• _AVAILABLE DATA_:
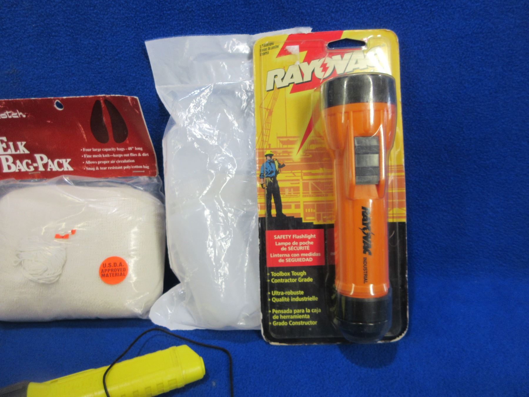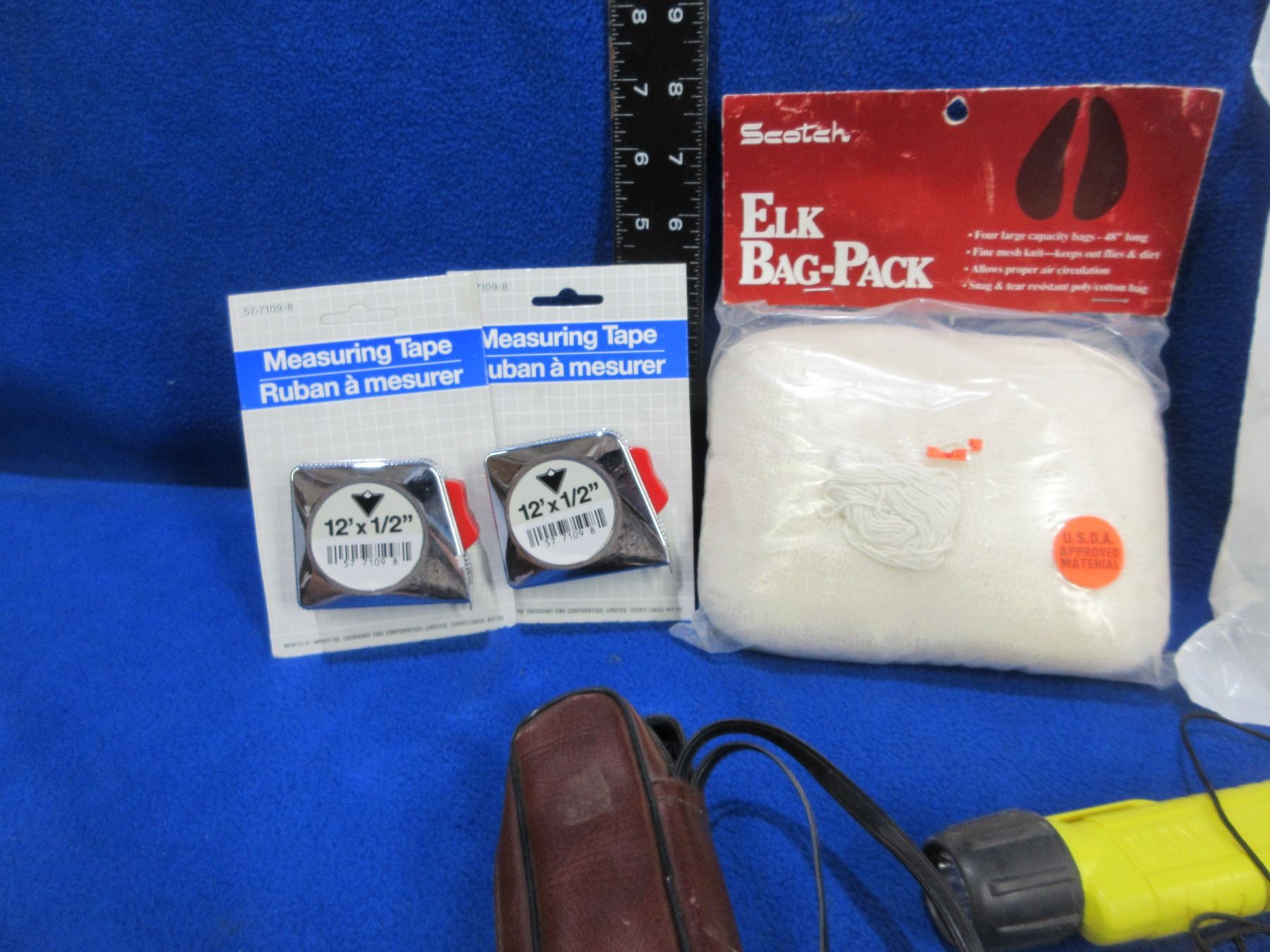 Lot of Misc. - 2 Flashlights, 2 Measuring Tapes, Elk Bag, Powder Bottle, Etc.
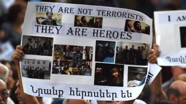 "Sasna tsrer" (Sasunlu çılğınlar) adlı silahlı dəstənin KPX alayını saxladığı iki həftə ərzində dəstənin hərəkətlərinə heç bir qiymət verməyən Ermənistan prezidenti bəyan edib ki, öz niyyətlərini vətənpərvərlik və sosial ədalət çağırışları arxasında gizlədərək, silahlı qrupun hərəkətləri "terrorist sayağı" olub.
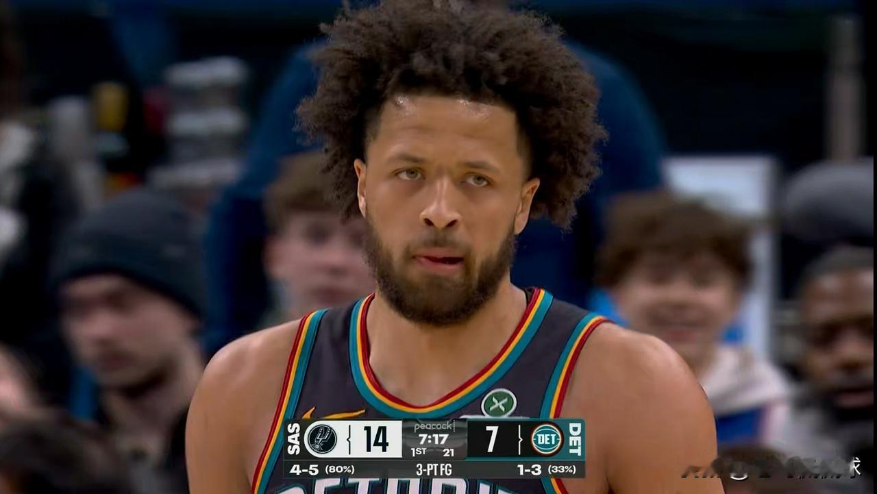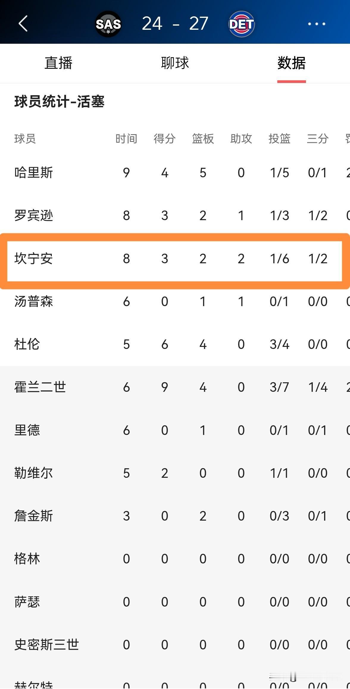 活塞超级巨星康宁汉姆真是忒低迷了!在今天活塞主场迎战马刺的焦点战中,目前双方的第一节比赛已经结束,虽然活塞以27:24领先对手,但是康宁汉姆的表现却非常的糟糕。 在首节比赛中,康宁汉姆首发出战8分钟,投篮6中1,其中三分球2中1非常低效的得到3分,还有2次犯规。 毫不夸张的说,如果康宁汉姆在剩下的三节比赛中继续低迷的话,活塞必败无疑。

• _REQUIRED WORK_:
Print the material above once more, exactly. No pictures belong in it.

• _TASK RESPONSE_:
 Lot of Misc. - 2 Flashlights, 2 Measuring Tapes, Elk Bag, Powder Bottle, Etc.
 "Sasna tsrer" (Sasunlu çılğınlar) adlı silahlı dəstənin KPX alayını saxladığı iki həftə ərzində dəstənin hərəkətlərinə heç bir qiymət verməyən Ermənistan prezidenti bəyan edib ki, öz niyyətlərini vətənpərvərlik və sosial ədalət çağırışları arxasında gizlədərək, silahlı qrupun hərəkətləri "terrorist sayağı" olub.
 活塞超级巨星康宁汉姆真是忒低迷了!在今天活塞主场迎战马刺的焦点战中,目前双方的第一节比赛已经结束,虽然活塞以27:24领先对手,但是康宁汉姆的表现却非常的糟糕。 在首节比赛中,康宁汉姆首发出战8分钟,投篮6中1,其中三分球2中1非常低效的得到3分,还有2次犯规。 毫不夸张的说,如果康宁汉姆在剩下的三节比赛中继续低迷的话,活塞必败无疑。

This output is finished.